_Assignment_
Using the listing below, print the line containing "Вандали видпиляли ногу", the line containing "Dip brush into", and each line between them, exactly and nothing else. Pictures stay out of the print.

_Data excerpts_
..............................

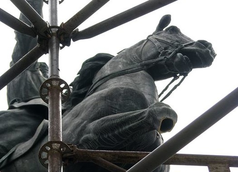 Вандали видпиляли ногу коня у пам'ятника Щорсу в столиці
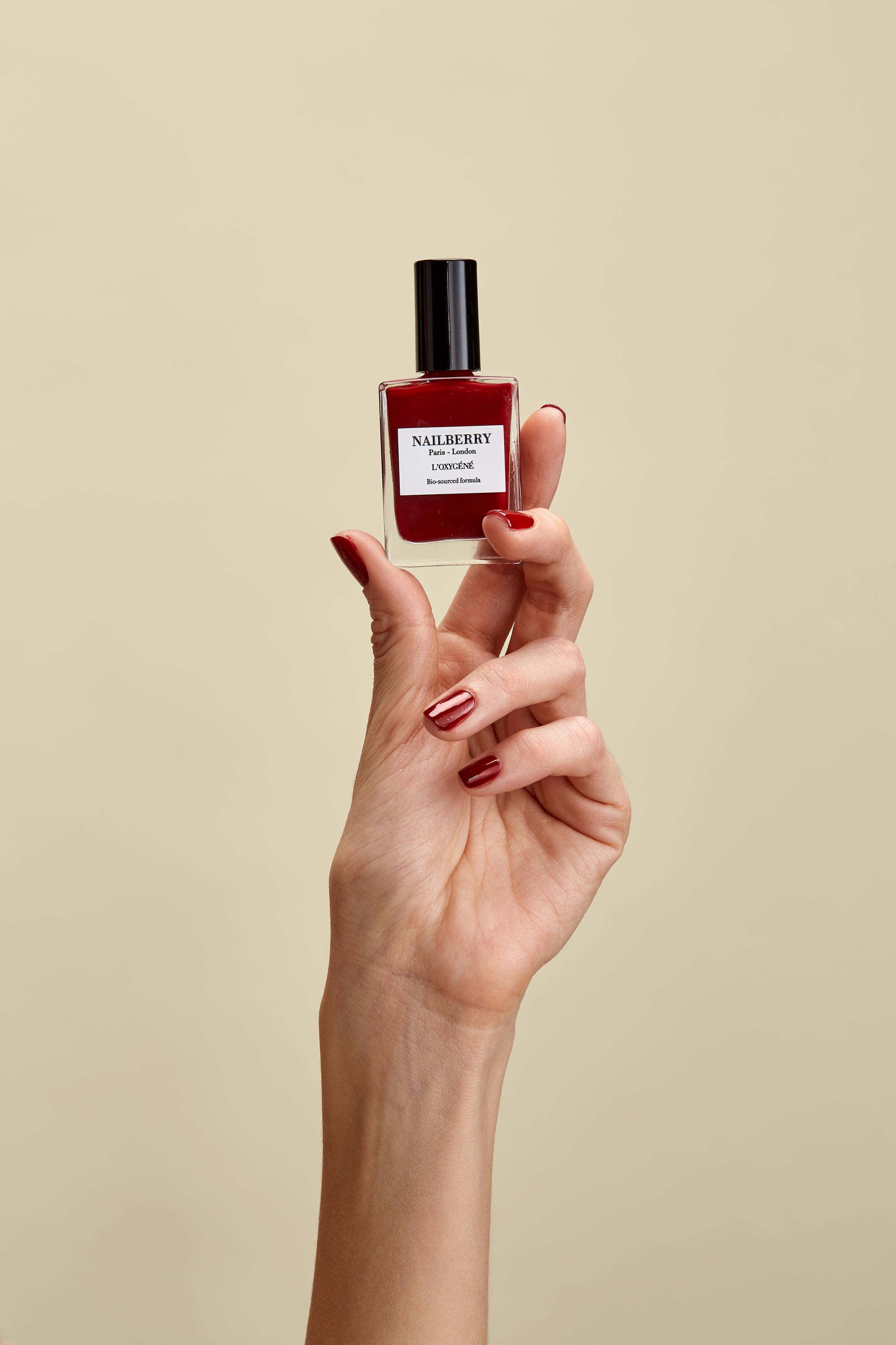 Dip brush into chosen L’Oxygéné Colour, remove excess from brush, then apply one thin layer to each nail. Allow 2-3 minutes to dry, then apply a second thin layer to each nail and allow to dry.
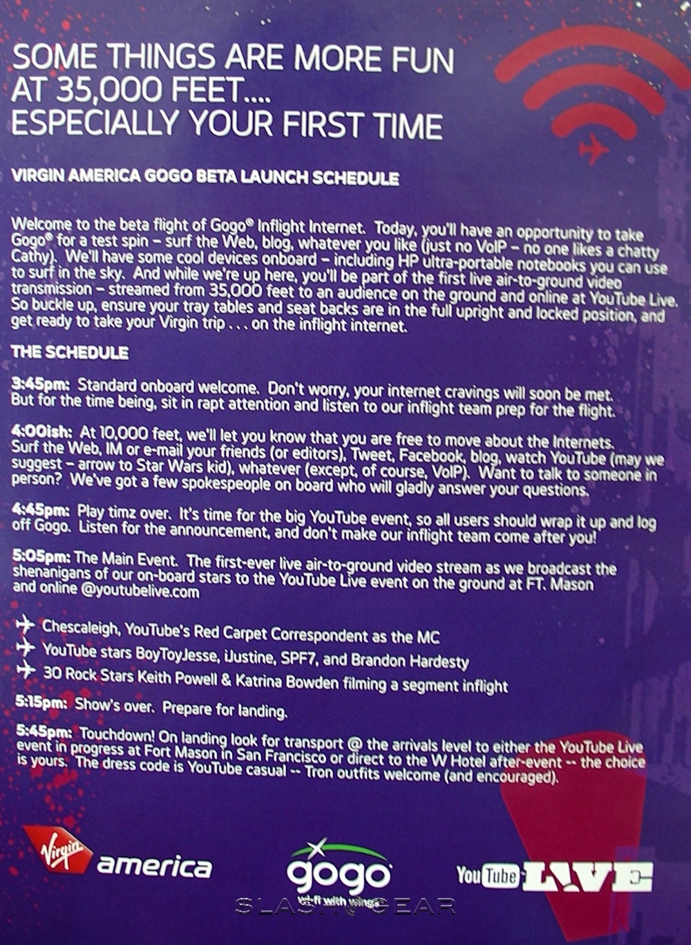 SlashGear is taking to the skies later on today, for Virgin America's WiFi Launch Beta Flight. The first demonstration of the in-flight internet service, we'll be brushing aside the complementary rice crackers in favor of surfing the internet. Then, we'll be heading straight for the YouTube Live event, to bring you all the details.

..............................

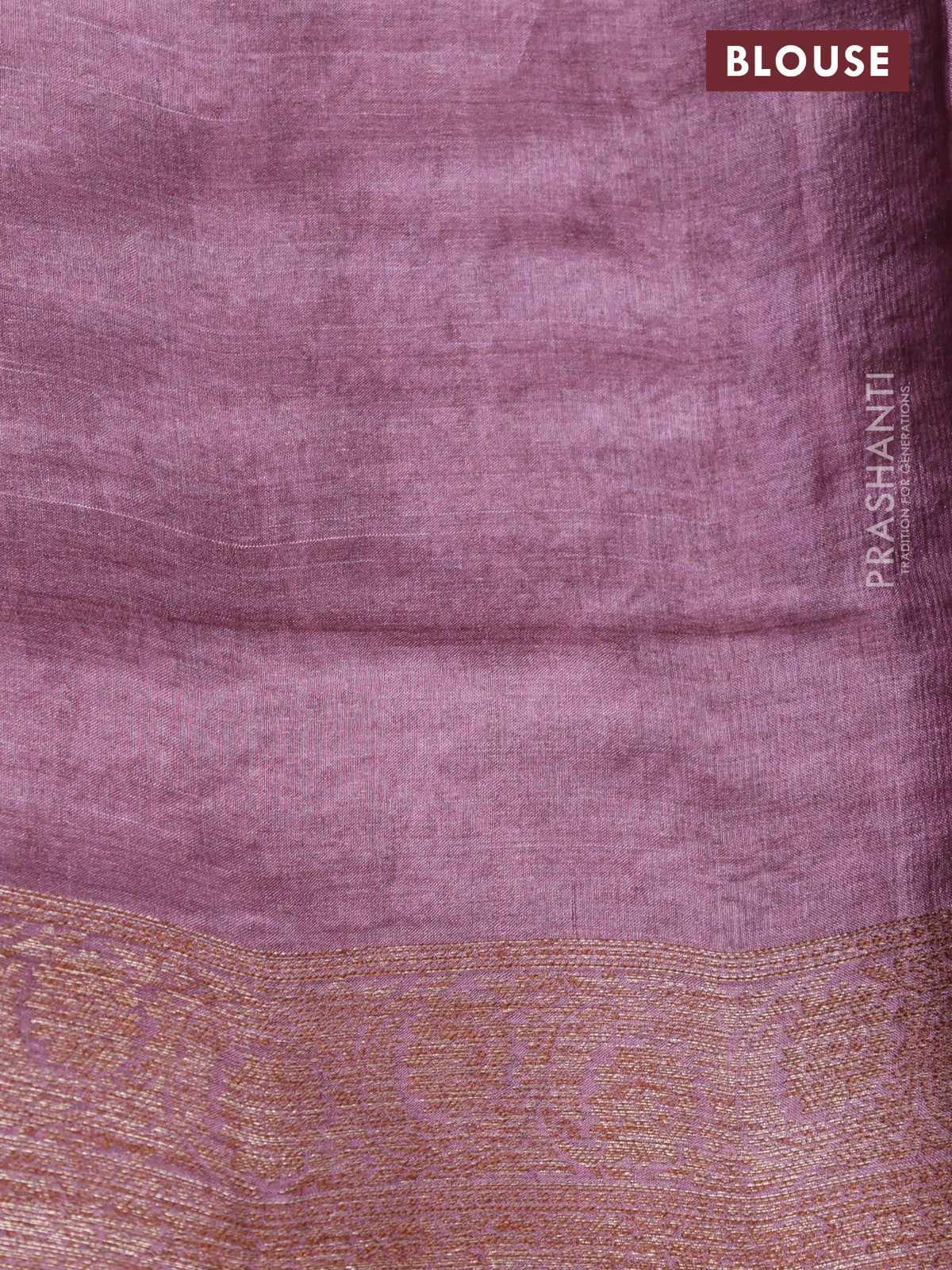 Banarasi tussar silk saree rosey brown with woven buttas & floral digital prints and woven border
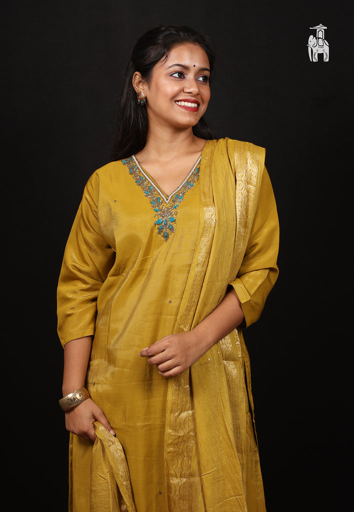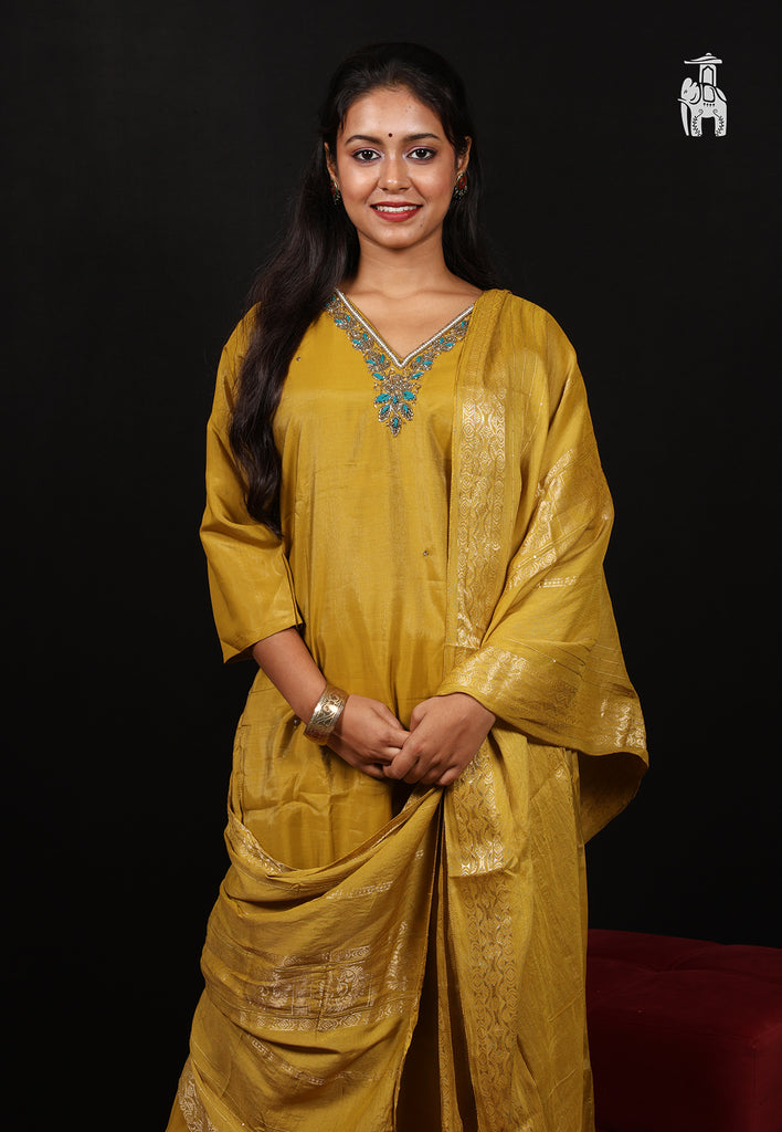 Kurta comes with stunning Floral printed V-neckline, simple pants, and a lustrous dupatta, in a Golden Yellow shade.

..............................

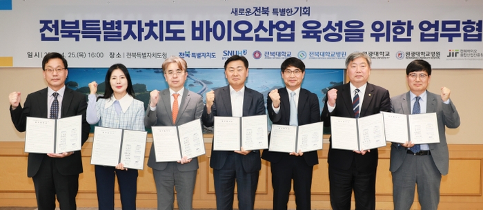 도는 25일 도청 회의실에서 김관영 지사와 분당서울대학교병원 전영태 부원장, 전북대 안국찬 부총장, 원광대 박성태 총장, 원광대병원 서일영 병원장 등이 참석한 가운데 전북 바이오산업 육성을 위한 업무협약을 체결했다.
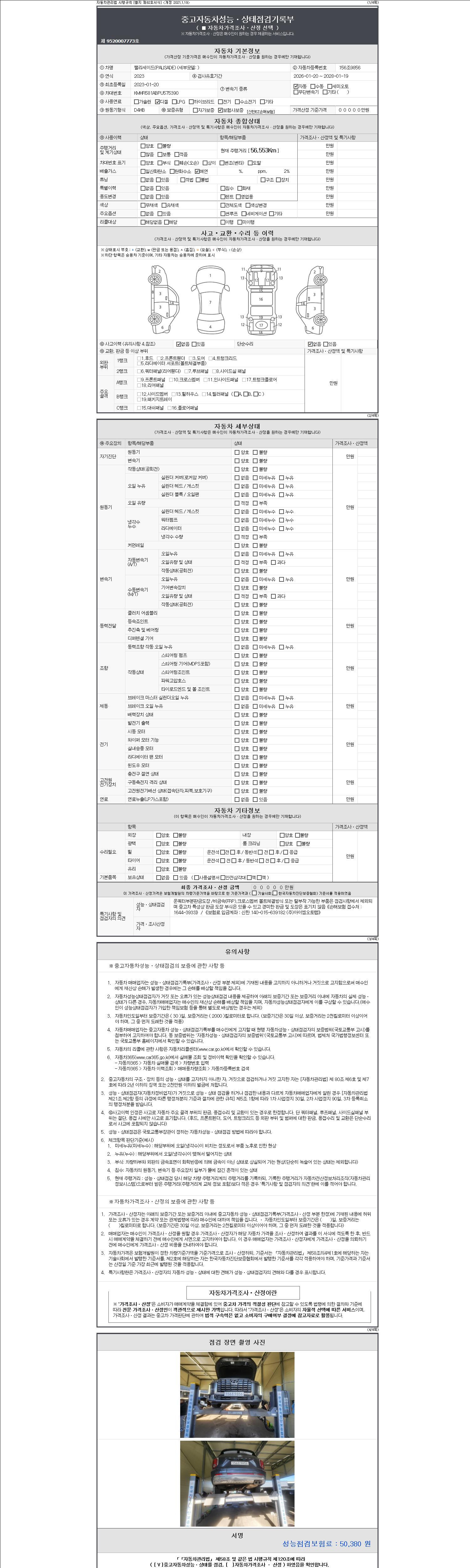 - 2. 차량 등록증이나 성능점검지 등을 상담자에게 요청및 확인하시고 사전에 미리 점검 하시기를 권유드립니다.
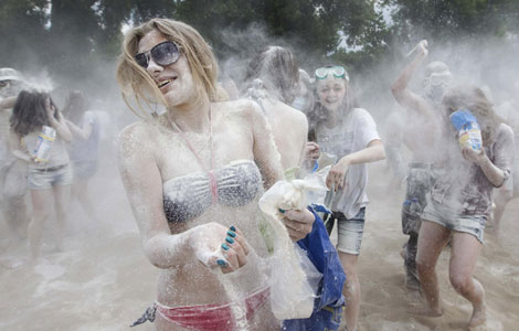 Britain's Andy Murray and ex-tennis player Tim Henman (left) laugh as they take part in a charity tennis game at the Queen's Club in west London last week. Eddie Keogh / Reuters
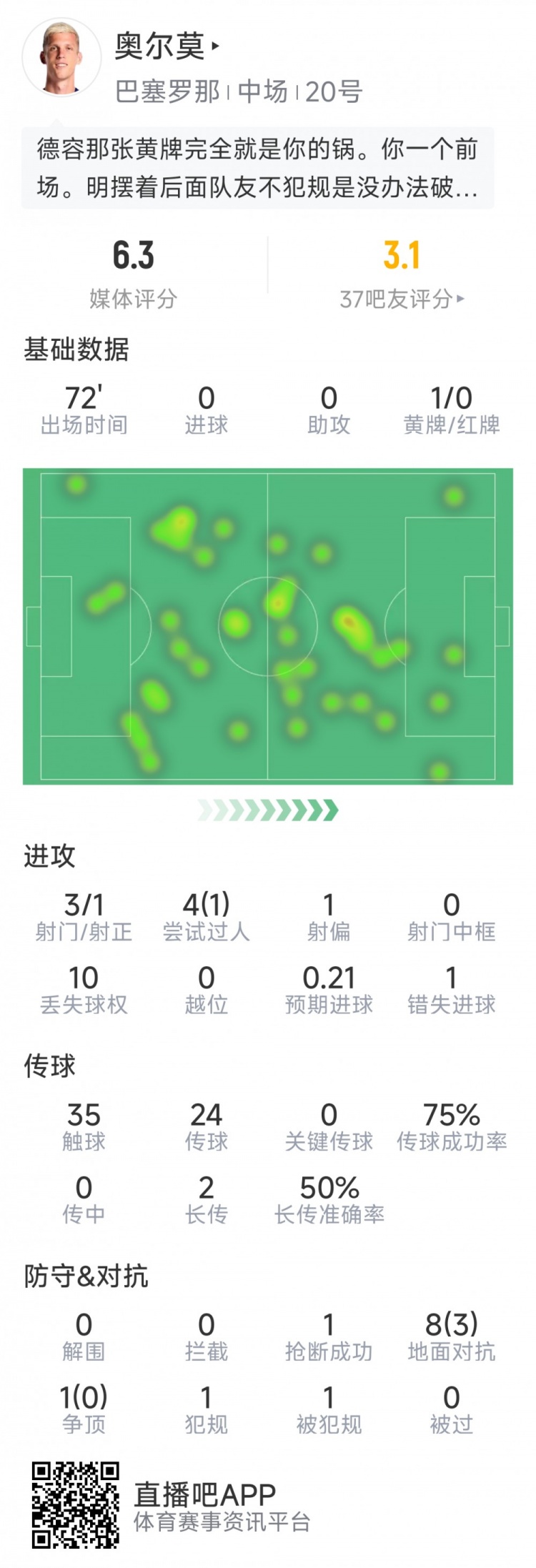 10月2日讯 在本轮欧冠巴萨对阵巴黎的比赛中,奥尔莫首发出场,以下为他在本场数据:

..............................

_Task answer_
 Вандали видпиляли ногу коня у пам'ятника Щорсу в столиці
 Dip brush into chosen L’Oxygéné Colour, remove excess from brush, then apply one thin layer to each nail. Allow 2-3 minutes to dry, then apply a second thin layer to each nail and allow to dry.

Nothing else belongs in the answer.